**What you have to do:** Reproduce the data exactly and drop any pictures it holds.

**Information provided:**
■ ■ ■ ■ ■

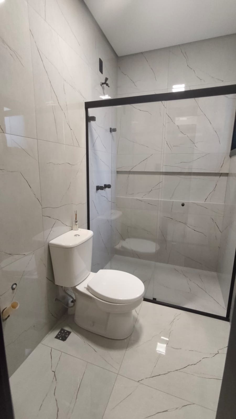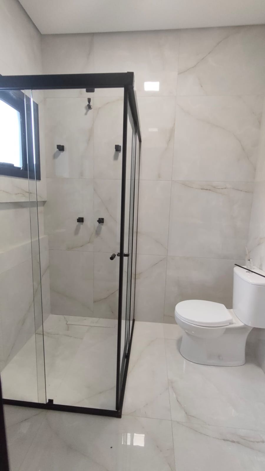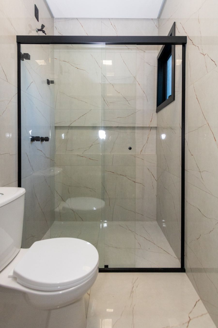 Boxes nos banheiros com acabamento preto
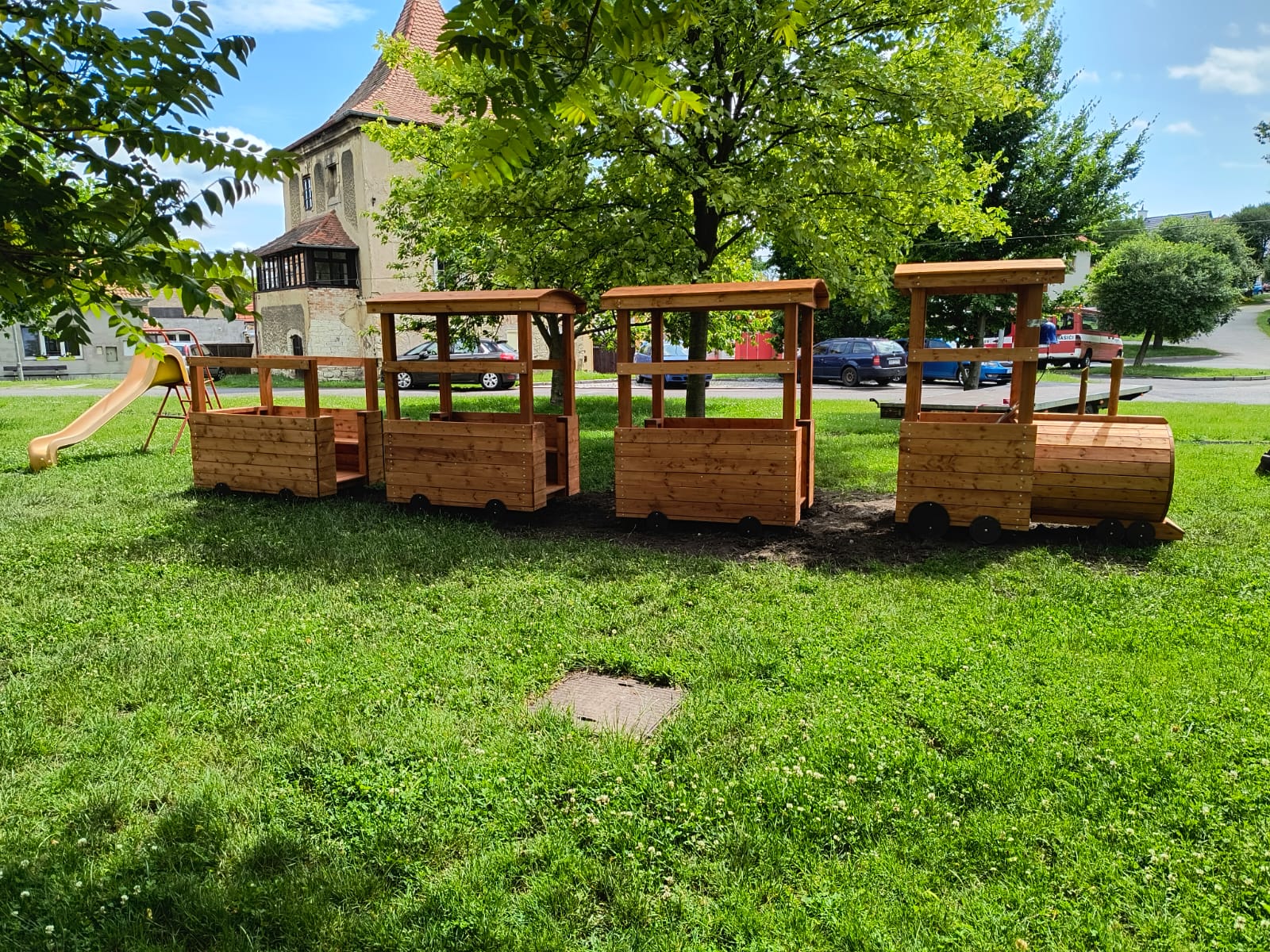 V lokomotivě a vagoncích jsou lavičky pro děti.
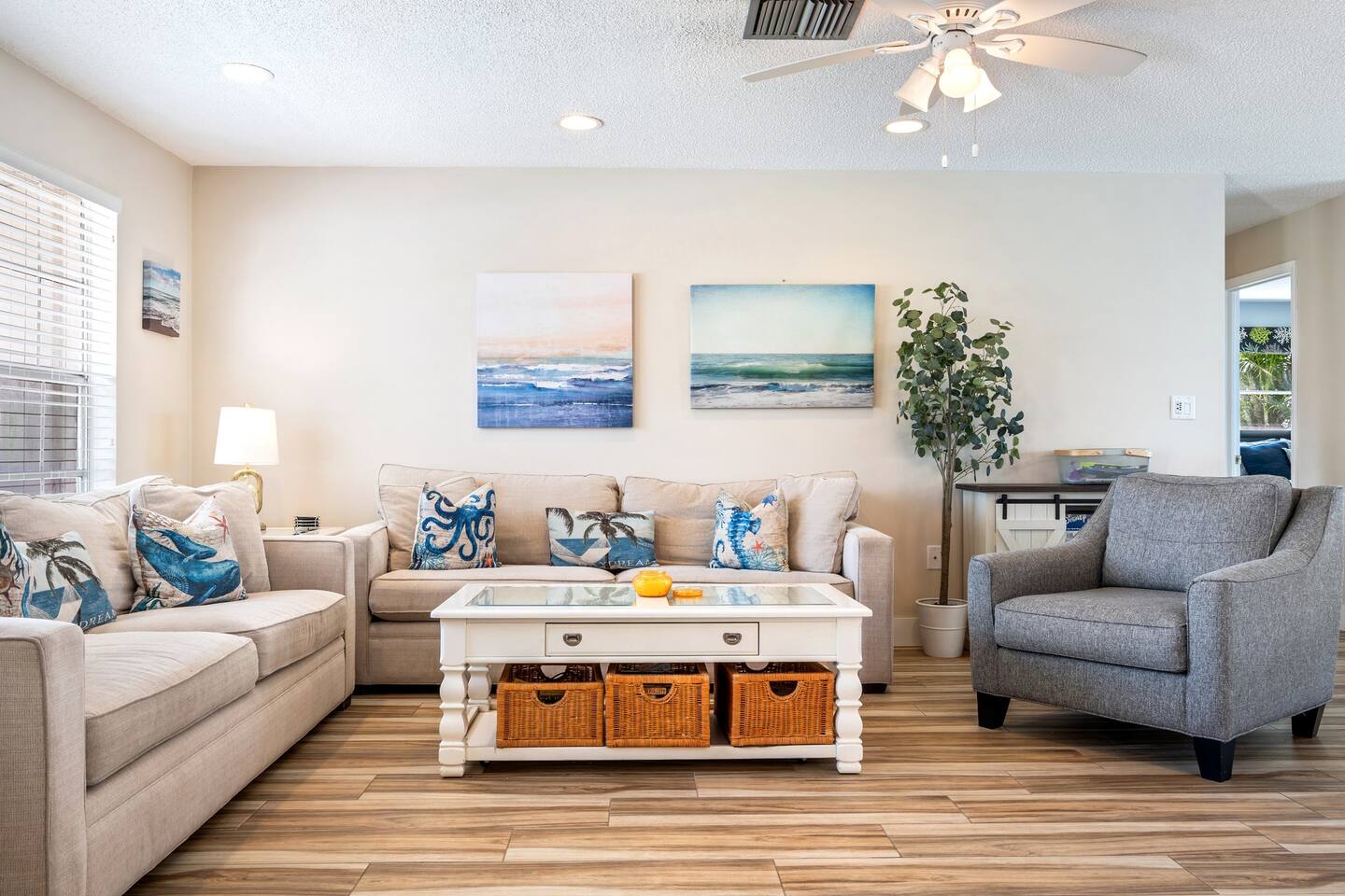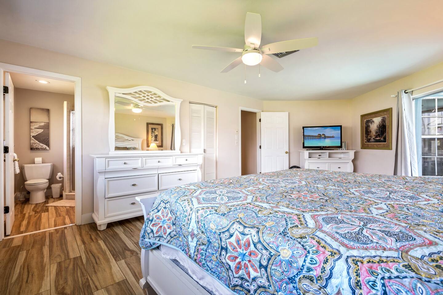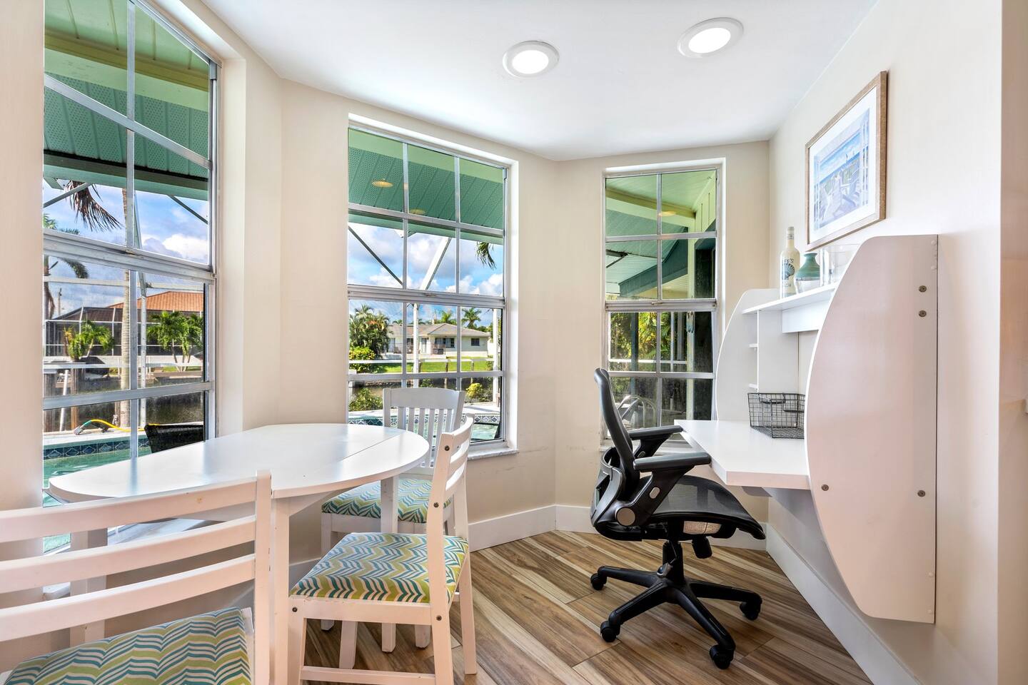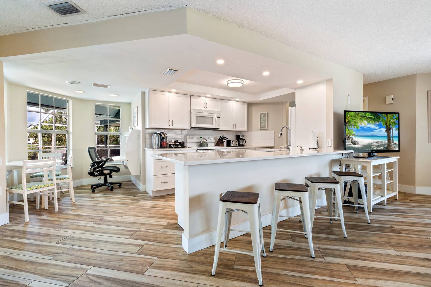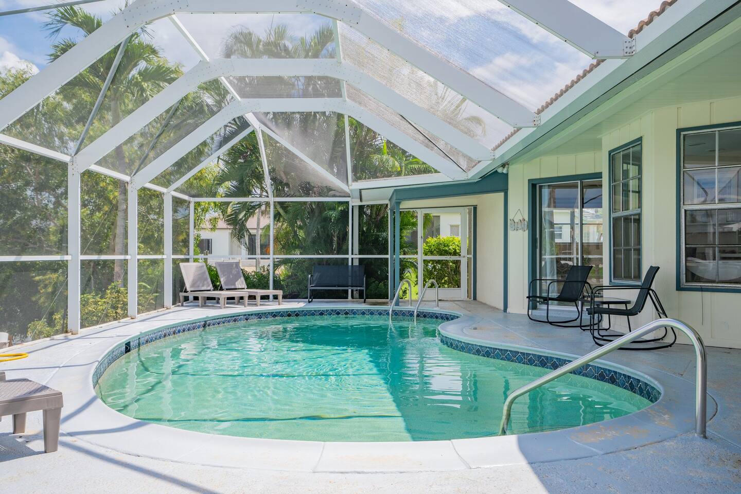 KEY FEATURES: ☀ Waterfront backyard with outdoor patio for with dining space for 6, patio furniture, 4 sun loungers, and a dock (Please reach out about boat space) ☀ Heated screened in Pool (please reach out 3 days in advance to have pool heat turned on) ☀ Sleeps 9; 3 bedrooms, 1 King bed, 1 Queen bed, 1 Pull out Bunk Bed (1 twin bed on top, a full on the bottom, and a full pullout bed) ☀ 2 Bathrooms; 1 Master bathroom with walk-in shower and 1 full bath with shower and tub options. ☀ Modern and well-equipped kitchen with seating for 6 guests; 4 counter seats at the kitchen Island, coffee nook, and corner office space ☀ Bike service available for rent! Dropped off at the home before you arrive ☀ Ample amount of beach chairs + beach amenities for the whole family to use ☀ Can't beat the location! Close to beaches, shopping, surrounded by great food and plenty of options for local fishing charters, paddle board and kayak rentals, and many other water excursions! ☆☆ BEDROOMS ☆☆ Unwind in the elegant master bedroom featuring a comfortable king-size bed and direct access to the pool for a refreshing dip anytime. This spacious suite also includes a new smart TV for entertainment, a private bathroom, and a large walk-in closet. With additional dressers for extra storage, this room offers both luxury and convenience for a perfect stay. As you walk through the living room you will find both guest bedrooms in the left side of the home- In the first, an inviting bedroom that features a comfortable queen-size bed and a direct walkout to the pool, pull back the curtains and wake up to a gorgeous view. The room also includes a closet for your storage needs and a TV for entertainment with Roku for your streaming apps. Enjoy some peace and quite or watch a movie before recharging the batteries for another day on the island. The second guest bedroom is perfect for kids or friends, this cheerful bunk room features a sturdy bunk bed with two full-size mattresses and a single bed on top. The pull-out trundle bed adds extra sleeping space, making it ideal for larger groups or families. Whether you’re winding down after a day of adventure or having a sleepover, this room offers comfort and flexibility for a memorable stay! ☆☆ BATHROOMS ☆☆ You'll enjoy a well-appointed shared full bathroom conveniently located in the hallway between the two guest bedrooms, featuring a relaxing tub and shower. The master bathroom is a private retreat, complete with a stand-up shower for quick refreshment. To make your stay even more comfortable, we provide complimentary shampoo, body wash, and conditioner. Enjoy the perfect blend of privacy and convenience during your stay! ☆☆ KITCHEN & LOUNGE ☆☆ Welcome to our inviting open-concept space, where the living room, kitchen, and dining area seamlessly flow together, creating the perfect environment for relaxation and socializing, and entertaining guests. The kitchen provides ample space to chef up your favorite meals, with a luxurious extended kitchen island and a dining table for 6 just steps away. Enjoy your morning coffee in the cozy nook area with pool and water views, and also includes a mini office space for any remote work needs. AT the end of a fun day in the sun at the beach, gather the whole family in our modern style living room to watch come of your favorite streaming apps on the Roku TV. For added convenience, the laundry area is located in the garage. Making it easy to keep your belongings fresh during your stay. This thoughtfully designed layout ensures comfort and functionality for all guests! ☆☆ OUTSIDE SPACE ☆☆ Step outside to your own private oasis! Enjoy the refreshing pool, perfect for a leisurely swim or lounging in the sun. The dock offers easy access for water activities, while the outdoor furniture provides a comfortable spot to relax. Gather around the outdoor dining table, which seats six, for al fresco meals under the stars, and fire up the BBQ grill for a fun cookout. This outdoor space is designed for relaxation and entertainment, making it the ideal setting for unforgettable moments! ★☆ Book Today & Let Us Take Care Of You on Marco Island! ☆★
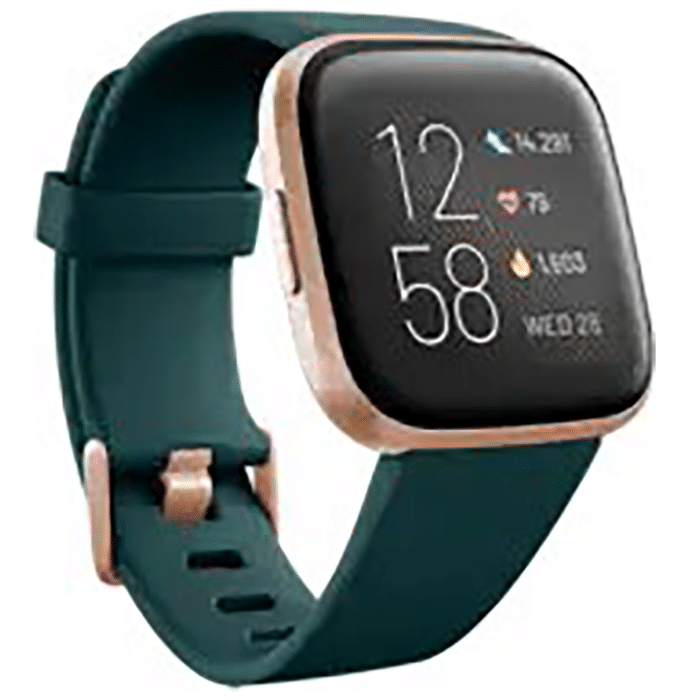 Fitbit Versa 2 Smart Watch Emerald-Copper Rose Fitbit Versa 2 Smart Watch is designed to help keep an eye on your heart rate, sleeping and breathing patterns. With the built-in Amazon Alexa, you can get quick updates on news and weather. It can also be trusted to control home devices and set up reminders.

■ ■ ■ ■ ■

**Solution:**
 Boxes nos banheiros com acabamento preto
 V lokomotivě a vagoncích jsou lavičky pro děti.
 KEY FEATURES: ☀ Waterfront backyard with outdoor patio for with dining space for 6, patio furniture, 4 sun loungers, and a dock (Please reach out about boat space) ☀ Heated screened in Pool (please reach out 3 days in advance to have pool heat turned on) ☀ Sleeps 9; 3 bedrooms, 1 King bed, 1 Queen bed, 1 Pull out Bunk Bed (1 twin bed on top, a full on the bottom, and a full pullout bed) ☀ 2 Bathrooms; 1 Master bathroom with walk-in shower and 1 full bath with shower and tub options. ☀ Modern and well-equipped kitchen with seating for 6 guests; 4 counter seats at the kitchen Island, coffee nook, and corner office space ☀ Bike service available for rent! Dropped off at the home before you arrive ☀ Ample amount of beach chairs + beach amenities for the whole family to use ☀ Can't beat the location! Close to beaches, shopping, surrounded by great food and plenty of options for local fishing charters, paddle board and kayak rentals, and many other water excursions! ☆☆ BEDROOMS ☆☆ Unwind in the elegant master bedroom featuring a comfortable king-size bed and direct access to the pool for a refreshing dip anytime. This spacious suite also includes a new smart TV for entertainment, a private bathroom, and a large walk-in closet. With additional dressers for extra storage, this room offers both luxury and convenience for a perfect stay. As you walk through the living room you will find both guest bedrooms in the left side of the home- In the first, an inviting bedroom that features a comfortable queen-size bed and a direct walkout to the pool, pull back the curtains and wake up to a gorgeous view. The room also includes a closet for your storage needs and a TV for entertainment with Roku for your streaming apps. Enjoy some peace and quite or watch a movie before recharging the batteries for another day on the island. The second guest bedroom is perfect for kids or friends, this cheerful bunk room features a sturdy bunk bed with two full-size mattresses and a single bed on top. The pull-out trundle bed adds extra sleeping space, making it ideal for larger groups or families. Whether you’re winding down after a day of adventure or having a sleepover, this room offers comfort and flexibility for a memorable stay! ☆☆ BATHROOMS ☆☆ You'll enjoy a well-appointed shared full bathroom conveniently located in the hallway between the two guest bedrooms, featuring a relaxing tub and shower. The master bathroom is a private retreat, complete with a stand-up shower for quick refreshment. To make your stay even more comfortable, we provide complimentary shampoo, body wash, and conditioner. Enjoy the perfect blend of privacy and convenience during your stay! ☆☆ KITCHEN & LOUNGE ☆☆ Welcome to our inviting open-concept space, where the living room, kitchen, and dining area seamlessly flow together, creating the perfect environment for relaxation and socializing, and entertaining guests. The kitchen provides ample space to chef up your favorite meals, with a luxurious extended kitchen island and a dining table for 6 just steps away. Enjoy your morning coffee in the cozy nook area with pool and water views, and also includes a mini office space for any remote work needs. AT the end of a fun day in the sun at the beach, gather the whole family in our modern style living room to watch come of your favorite streaming apps on the Roku TV. For added convenience, the laundry area is located in the garage. Making it easy to keep your belongings fresh during your stay. This thoughtfully designed layout ensures comfort and functionality for all guests! ☆☆ OUTSIDE SPACE ☆☆ Step outside to your own private oasis! Enjoy the refreshing pool, perfect for a leisurely swim or lounging in the sun. The dock offers easy access for water activities, while the outdoor furniture provides a comfortable spot to relax. Gather around the outdoor dining table, which seats six, for al fresco meals under the stars, and fire up the BBQ grill for a fun cookout. This outdoor space is designed for relaxation and entertainment, making it the ideal setting for unforgettable moments! ★☆ Book Today & Let Us Take Care Of You on Marco Island! ☆★
 Fitbit Versa 2 Smart Watch Emerald-Copper Rose Fitbit Versa 2 Smart Watch is designed to help keep an eye on your heart rate, sleeping and breathing patterns. With the built-in Amazon Alexa, you can get quick updates on news and weather. It can also be trusted to control home devices and set up reminders.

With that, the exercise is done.